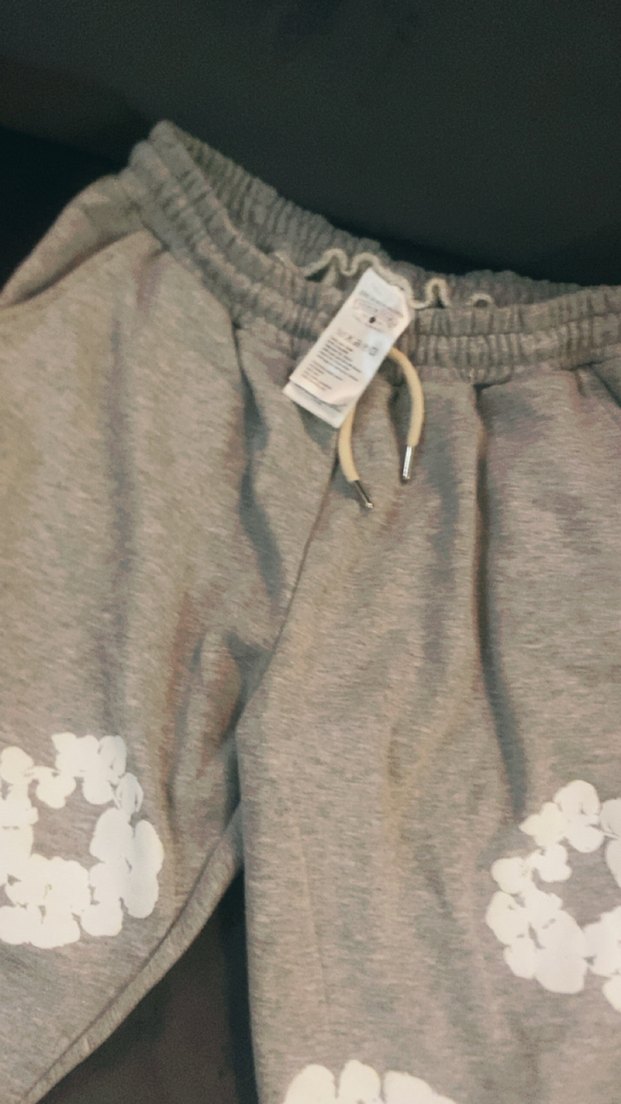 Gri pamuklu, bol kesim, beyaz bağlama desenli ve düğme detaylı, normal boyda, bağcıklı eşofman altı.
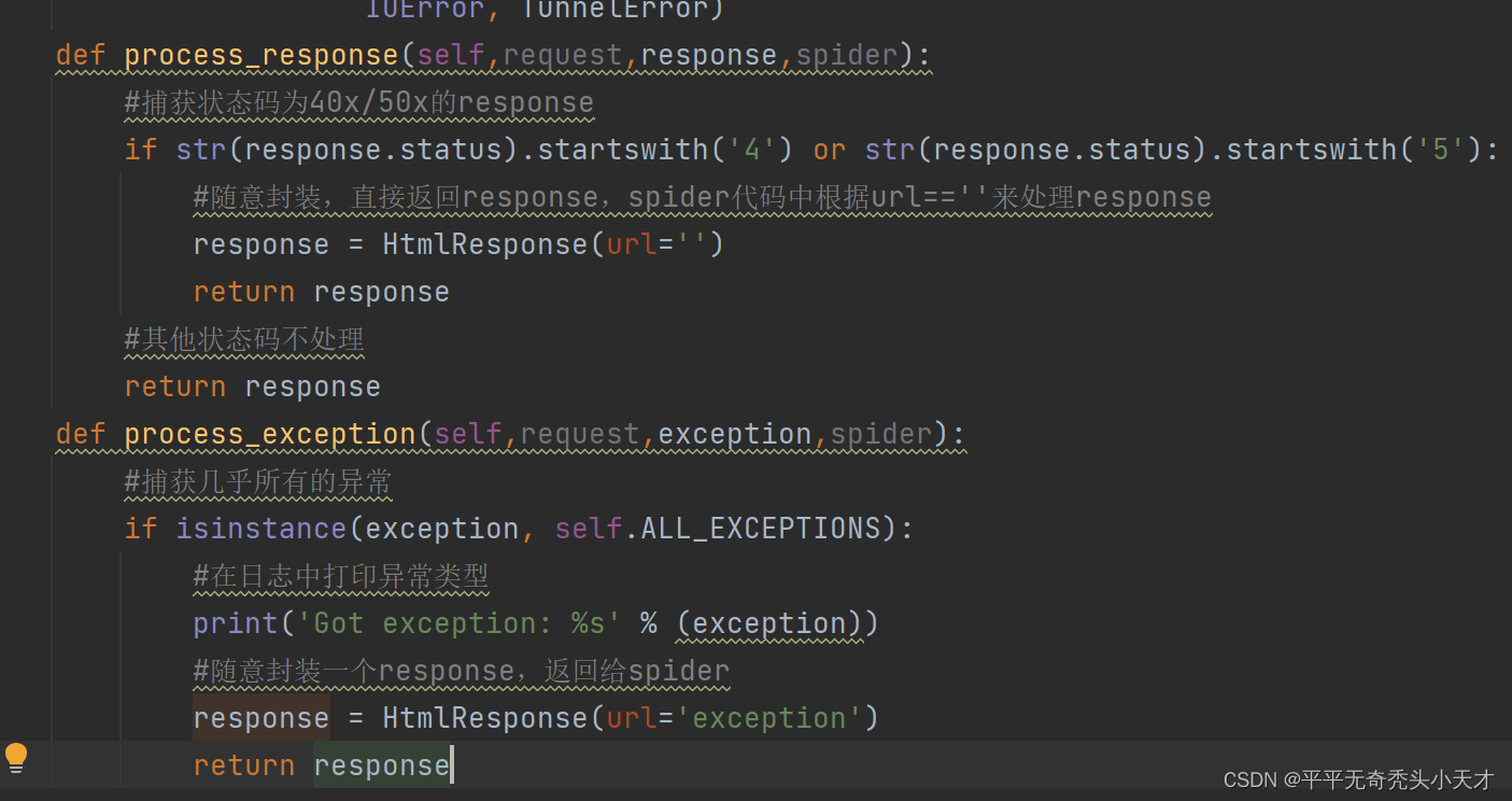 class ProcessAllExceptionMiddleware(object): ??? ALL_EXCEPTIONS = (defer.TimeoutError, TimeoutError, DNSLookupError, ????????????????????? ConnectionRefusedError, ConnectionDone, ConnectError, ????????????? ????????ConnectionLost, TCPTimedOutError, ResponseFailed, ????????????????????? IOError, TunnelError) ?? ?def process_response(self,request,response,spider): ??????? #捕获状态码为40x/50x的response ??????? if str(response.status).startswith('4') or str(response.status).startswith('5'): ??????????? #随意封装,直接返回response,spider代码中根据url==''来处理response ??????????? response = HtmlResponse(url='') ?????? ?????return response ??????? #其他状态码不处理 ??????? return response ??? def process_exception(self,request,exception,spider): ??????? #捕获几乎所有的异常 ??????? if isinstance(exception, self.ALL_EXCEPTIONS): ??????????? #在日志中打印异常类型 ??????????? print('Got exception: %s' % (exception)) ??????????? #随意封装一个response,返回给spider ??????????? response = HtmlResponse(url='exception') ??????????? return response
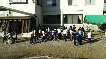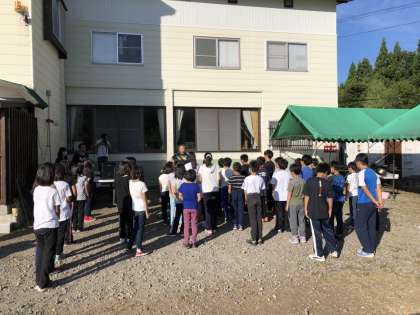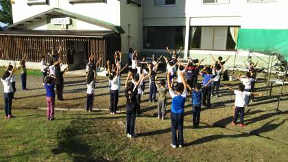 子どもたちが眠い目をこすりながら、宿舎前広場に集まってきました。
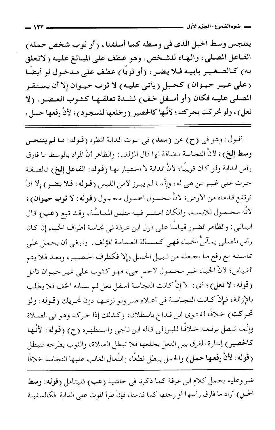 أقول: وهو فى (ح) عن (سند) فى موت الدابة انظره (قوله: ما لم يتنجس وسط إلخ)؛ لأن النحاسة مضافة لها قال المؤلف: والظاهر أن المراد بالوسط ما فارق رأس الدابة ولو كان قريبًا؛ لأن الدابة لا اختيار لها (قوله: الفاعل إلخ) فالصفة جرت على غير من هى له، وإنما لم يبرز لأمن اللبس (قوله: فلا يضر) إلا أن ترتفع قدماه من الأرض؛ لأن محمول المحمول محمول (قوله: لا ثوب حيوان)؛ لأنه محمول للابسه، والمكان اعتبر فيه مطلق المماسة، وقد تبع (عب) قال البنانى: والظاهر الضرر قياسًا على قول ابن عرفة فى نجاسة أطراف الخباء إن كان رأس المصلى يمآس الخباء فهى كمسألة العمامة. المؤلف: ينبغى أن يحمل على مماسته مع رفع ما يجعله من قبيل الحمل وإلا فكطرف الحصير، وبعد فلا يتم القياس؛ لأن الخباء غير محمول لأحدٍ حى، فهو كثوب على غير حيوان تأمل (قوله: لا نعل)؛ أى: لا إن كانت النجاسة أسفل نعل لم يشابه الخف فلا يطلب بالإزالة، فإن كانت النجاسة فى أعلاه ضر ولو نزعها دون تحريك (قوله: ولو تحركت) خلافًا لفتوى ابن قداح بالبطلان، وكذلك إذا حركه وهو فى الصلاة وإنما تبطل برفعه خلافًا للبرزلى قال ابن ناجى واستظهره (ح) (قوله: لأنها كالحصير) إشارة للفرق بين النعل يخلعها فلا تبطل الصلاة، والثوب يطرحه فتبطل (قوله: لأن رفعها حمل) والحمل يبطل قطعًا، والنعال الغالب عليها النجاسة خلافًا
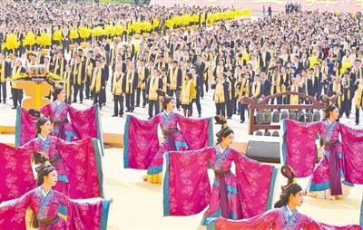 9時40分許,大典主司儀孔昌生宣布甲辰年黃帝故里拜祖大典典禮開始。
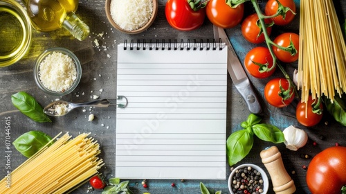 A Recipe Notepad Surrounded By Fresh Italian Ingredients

==

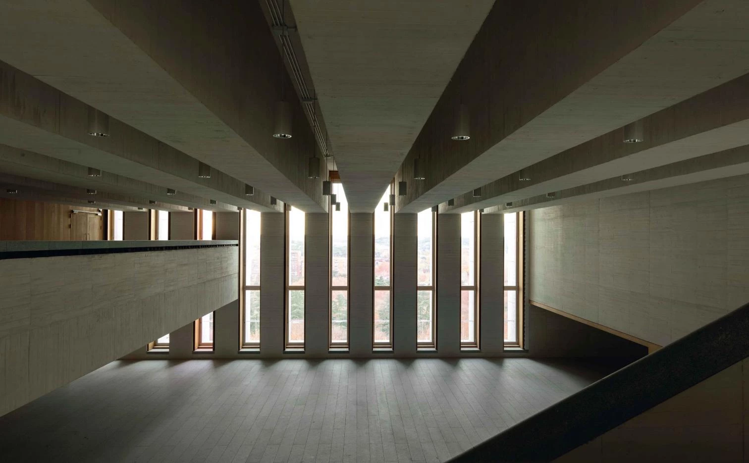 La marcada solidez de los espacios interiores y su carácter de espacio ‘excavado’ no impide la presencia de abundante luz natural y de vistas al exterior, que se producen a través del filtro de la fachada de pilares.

TASK TO CARRY OUT:
When copying from the data above, begin at the line containing "子どもたちが眠い目をこすりながら、宿舎前広場に集まってきました。" and end at the line containing "A Recipe Notepad"; return those lines exactly and leave all pictures behind.

ANSWER BOX:
 子どもたちが眠い目をこすりながら、宿舎前広場に集まってきました。
 أقول: وهو فى (ح) عن (سند) فى موت الدابة انظره (قوله: ما لم يتنجس وسط إلخ)؛ لأن النحاسة مضافة لها قال المؤلف: والظاهر أن المراد بالوسط ما فارق رأس الدابة ولو كان قريبًا؛ لأن الدابة لا اختيار لها (قوله: الفاعل إلخ) فالصفة جرت على غير من هى له، وإنما لم يبرز لأمن اللبس (قوله: فلا يضر) إلا أن ترتفع قدماه من الأرض؛ لأن محمول المحمول محمول (قوله: لا ثوب حيوان)؛ لأنه محمول للابسه، والمكان اعتبر فيه مطلق المماسة، وقد تبع (عب) قال البنانى: والظاهر الضرر قياسًا على قول ابن عرفة فى نجاسة أطراف الخباء إن كان رأس المصلى يمآس الخباء فهى كمسألة العمامة. المؤلف: ينبغى أن يحمل على مماسته مع رفع ما يجعله من قبيل الحمل وإلا فكطرف الحصير، وبعد فلا يتم القياس؛ لأن الخباء غير محمول لأحدٍ حى، فهو كثوب على غير حيوان تأمل (قوله: لا نعل)؛ أى: لا إن كانت النجاسة أسفل نعل لم يشابه الخف فلا يطلب بالإزالة، فإن كانت النجاسة فى أعلاه ضر ولو نزعها دون تحريك (قوله: ولو تحركت) خلافًا لفتوى ابن قداح بالبطلان، وكذلك إذا حركه وهو فى الصلاة وإنما تبطل برفعه خلافًا للبرزلى قال ابن ناجى واستظهره (ح) (قوله: لأنها كالحصير) إشارة للفرق بين النعل يخلعها فلا تبطل الصلاة، والثوب يطرحه فتبطل (قوله: لأن رفعها حمل) والحمل يبطل قطعًا، والنعال الغالب عليها النجاسة خلافًا
 9時40分許,大典主司儀孔昌生宣布甲辰年黃帝故里拜祖大典典禮開始。
 A Recipe Notepad Surrounded By Fresh Italian Ingredients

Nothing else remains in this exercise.